Students scared off by huge tuition and low entry-level pay


 

Photo by DieselDemon on Flickr

A pilot training program at the University of the Fraser Valley in Abbotsford, B.C. is running at half capacity, student coordinator Marion Harris told The Ubyssey. That’s despite the fact that 97,000 new pilots are going to be needed in Canada and the U.S. over the next two decades, she said.

One reason cited for the lack of new recruits is that UFV’s four-year Bachelor of Business Administration degree costs about $95,000 in tuition and fees alone—living costs not included.
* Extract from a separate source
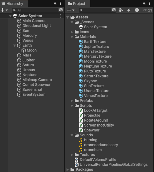 This is my solar system project from the "Game Design and Development" Coursera course. In the project I included:

And although commercial pilots and co-pilots can make $100,000 or more at major airlines, graduates usually start at charters, which pay a median of $40,000—and as low as $18,000—according to the Air Transport Association of Canada.
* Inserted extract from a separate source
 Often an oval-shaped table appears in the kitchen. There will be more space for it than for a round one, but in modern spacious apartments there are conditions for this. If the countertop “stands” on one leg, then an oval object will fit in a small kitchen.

Even if students scrounge together loans, it’s going to be a while before they can pay them back.

Still, the ATAC’s Professional Pilot Career Info Guide says a degree can be a wise choice. Although no post-secondary is required to earn a commercial pilot’s license, “evidence indicates that the major airlines do show preference to candidates with higher education,” they write.

UFV isn’t the only costly program. The University of Western Ontario’s four-year Bachelor of Management and Organizational Studies, which includes a commercial pilots license, costs $30,000 in year two alone. Seneca College in Toronto offers a less expensive four-year Bachelor of Aviation Technology degree for roughly $10,000 per year—lower, but still twice the price of a typical degree.